Out of the 10 predictors, 2 predictors are interacting to form a quadratic relationship with $Y$. We will attempt to use PCA and SIR to find just one predictor that can capture the quadratic relationship with $Y$.
symmetric_data = pd.read_csv("data/symmetric_data.csv")
symmetric_data.columns = ["X" + str(num) for num in np.arange(1, 11)] + ["Y"]
symmetric_data.head()
X1 | X2 | X3 | X4 | X5 | X6 | X7 | X8 | X9 | X10 | Y | |
---|---|---|---|---|---|---|---|---|---|---|---|
0 | -7.725932 | 3.215093 | 3.724845 | -4.380564 | -7.801079 | 6.752678 | 2.460830 | 3.508203 | -6.941330 | -9.959475 | 34.483919 |
1 | 2.445988 | 0.567188 | -1.667426 | -6.516237 | 7.428736 | -0.250675 | -3.182398 | 1.866613 | -1.992819 | 2.943208 | 22.851924 |
2 | 2.185495 | -3.650124 | 5.140525 | -6.595511 | 0.288395 | -7.793260 | 4.597754 | 8.459644 | -8.347565 | -3.302874 | 7.877298 |
3 | 2.467589 | 5.357109 | 5.515897 | 1.210873 | -4.286024 | -2.972740 | -5.469372 | 6.035057 | 3.153487 | -2.795765 | 79.473114 |
4 | 7.218308 | 0.526170 | 1.471740 | -1.423988 | -3.265320 | 5.221261 | -9.091791 | -1.655449 | -0.392569 | -8.630925 | 79.007511 |
plot2D(symmetric_data, x="X1", y="X2", x_title="X1", y_title="X2")
Like the first example, our first two predictors are uncorrelated.
plot3D(symmetric_data, x="X1", y="X2", z="Y", color="Y", x_title="X1", y_title="X2", z_title="Y")
The relationship between the two predictor variables and the response variable is quadratic in nature. This is a symmetric relationship.
# Split symmetric data into X and Y
X_symmetric = symmetric_data.iloc[:, :10]

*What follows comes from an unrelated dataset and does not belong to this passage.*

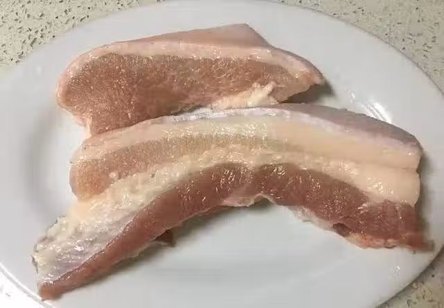 1、把五花肉切條,表面用叉子扎一紮,以便後面腌制時更入味。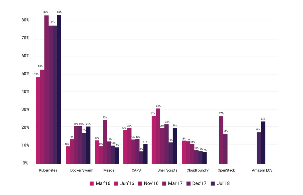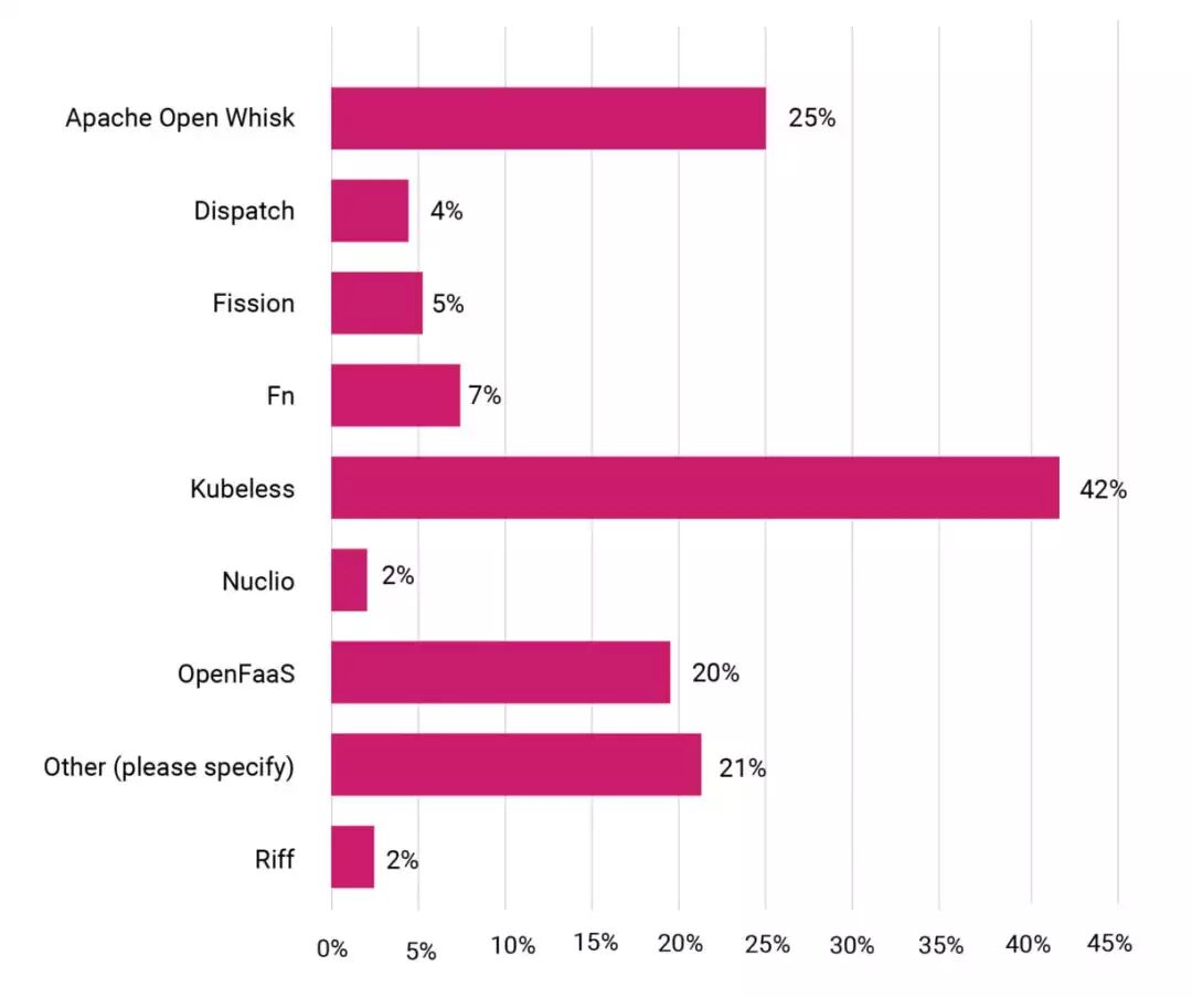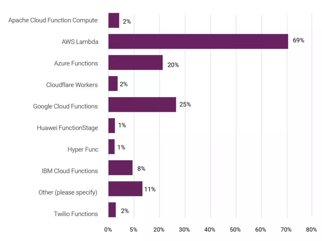 自2017年12月以来,受访者中的大部分都使用了类似AWS Lambda(70%) 的平台服务。这使得无服务器技术的应用不断增长,增幅达到22%。

Y_symmetric = symmetric_data.Y
# Conduct PCA
pca2 = PCA(n_components = 1)
symmetric_data["PC1"] = pca2.fit_transform(X_symmetric)
plot2D(symmetric_data, x="PC1", y="Y", x_title="PC1", y_title="Y")
As expected, the first Principal Component is not able to capture the quadratic relationship with $Y$. Instead, $PC_1$ has no relationship with $Y$.
# Sort data by Y and create three slices
symmetric_data_sorted = symmetric_data.sort_values(by="Y")
symmetric_data_sorted["slice"] = np.repeat(["1", "2", "3"], [80, 75, 45])
symmetric_data_sorted.head()
X1 | X2 | X3 | X4 | X5 | X6 | X7 | X8 | X9 | X10 | Y | PC1 | slice | |
---|---|---|---|---|---|---|---|---|---|---|---|---|---|
51 | -3.806268 | 1.932475 | 5.519376 | 3.736707 | 9.534726 | 7.621857 | -5.087589 | 3.807399 | 4.302922 | 0.743672 | -16.327581 | 0.730442 | 1 |
194 | 6.201668 | -6.659074 | -2.861596 | 4.099980 | 3.873656 | 5.894442 | -2.382977 | -4.123334 | -0.540315 | 3.707170 | -16.189219 | 0.643839 | 1 |
35 | 5.193413 | -5.755181 | 3.180581 | 6.690232 | 3.508784 | -4.944957 | 7.558085 | -6.031684 | 7.291132 | 3.044761 | -14.828602 | 4.884071 | 1 |
166 | -1.379673 | 3.210299 | 5.841733 | 8.541055 | 3.253026 | -0.852272 | -5.453507 | 3.804111 | 6.550116 | 1.165722 | -14.198883 | -2.829780 | 1 |
79 | 3.369908 | -3.107254 | -7.158529 | 9.003974 | 1.553022 | -1.885836 | 6.786466 | 3.251316 | -7.237726 | 3.144786 | -14.023303 | 1.904449 | 1 |
plot3D(symmetric_data_sorted, x="X1", y="X2", z="Y", color="slice", color_sequence=["red", "green", "blue"], x_title="X1", y_title="X2", z_title="Y")
symmetric_data_mean = symmetric_data_sorted.groupby("slice").mean()
symmetric_data_mean["slice"] = [str(num) for num in np.arange(1, 4)]
plot2D(symmetric_data_mean, x="X1", y="X2", color="slice", marker_size=10, color_sequence=["red", "green", "blue"], range_x=[-10, 10], range_y=[-10, 10], x_title="Mean X1", y_title="Mean X2")
These averages are very close to zero and therefore do not provide much information about the relationship with $Y$.
sir2 = SlicedInverseRegression(n_directions=1)
symmetric_data["SIR1"] = sir2.fit_transform(X_symmetric, Y_symmetric)
plot2D(symmetric_data, x="SIR1", y="Y", x_title="SIR1", y_title="Y")
The first component of SIR does not capture the quadratic relationship with $Y$. SIR will not work with highly symmetrical data. Consider other options such as the Sliced Average Variance Estimation (SAVE) or the Kernel Sliced Inverse Regression (KSIR).